Wednesday, July 22, 2020

Larry Householder is as corrupt as the day is long. But on Education Policy, he fought the good fight.


Look, we all knew what we were getting into with Larry Householder's return to the statehouse, which effectively ended yesterday when he was arrested by the FBI as the ringleader of a $60 million bribery enterprise.

He had already left the speakership under a cloud of suspicion in 2004. And around Capital Square, it was pretty much assumed -- only partially in jest -- that if you wanted to get anything done, it had to be quick because his dalliances with corruption were sure to draw law enforcement attention.

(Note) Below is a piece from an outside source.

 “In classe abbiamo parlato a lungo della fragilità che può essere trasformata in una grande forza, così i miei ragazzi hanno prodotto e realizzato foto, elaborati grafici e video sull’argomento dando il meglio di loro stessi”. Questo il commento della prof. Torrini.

No more was this felt than in my sector -- Education Policy.

Larry Householder has long been an advocate for fixing our state's broken education funding system, though (importantly) he never got it done. He has stood up for funding of poor kids and black and brown kids. He has been a voucher skeptic and called for the end of for-profit charter schools.

Yet he took tons of money from ECOT -- a for-profit school involved in a $200 million scandal that still dwarfs Householder's caper, by the way.

But it is on school funding that Householder really wanted to leave a mark. It's often told that he claimed it would take a "Perry County Speaker" to fix the problem first addressed by a Perry County judge in the DeRolph case in 1994.

He was the one resisting the Cupp-Patterson education funding plan, even though an overwhelming majority of legislators were for it, because he thought it didn't do enough for kids in poor districts -- a sentiment I shared.

He's also the one who kept the voucher expansion plan championed by state Sen. Matt Huffman from going through and insisted on direct funding of all vouchers so it wouldn't come directly out of school districts' bottom lines.

He didn't like Ohio's overtesting of kids, nor was he a fan of the state report card. He even publicly called out its bias against poor kids and black and brown kids. In fact, he said the reason people flipped out over the voucher expansion was because wealthy suburban schools were suddenly facing the issues that poor and black and brown districts have been facing for years.

Yes, he had a fondness for ECOT (and founder Bill Lager's campaign money). And that was a problem. But he famously called for the end of for-profit charter school operators, like Lager.

On education policy, Larry Householder was one of the few Republican lawmakers I've witnessed who not only got school funding, but wanted to do something real to fix it and had the power to do so.

But wow. Was he corrupt.

He's getting what he richly deserves. But I guess what I'll always think about Larry Householder -- whose prodigious political talent was eclipsed apparently only by his insatiable appetite for money and power -- is what a waste.

He could have fixed school funding.

He could have instituted a better, more reasonable testing and accountability system.

He could have brought sanity to our out-of-control voucher problem.

He could have eliminated the for-profit charter school operators who have ripped off taxpayers for three decades.

He could have done so many good things for schools, kids and parents. Instead, he preferred shaking down companies to maintain power.

It's a sad day for Ohio. But I'll think of Larry Householder's fall as another unfortunate and significant step backward in our state's four-decade-long struggle with school funding.

It's up to us to chart a new path forward. Hopefully with legislators who, like Householder, get school funding, but without the voraciously corrupt appetites.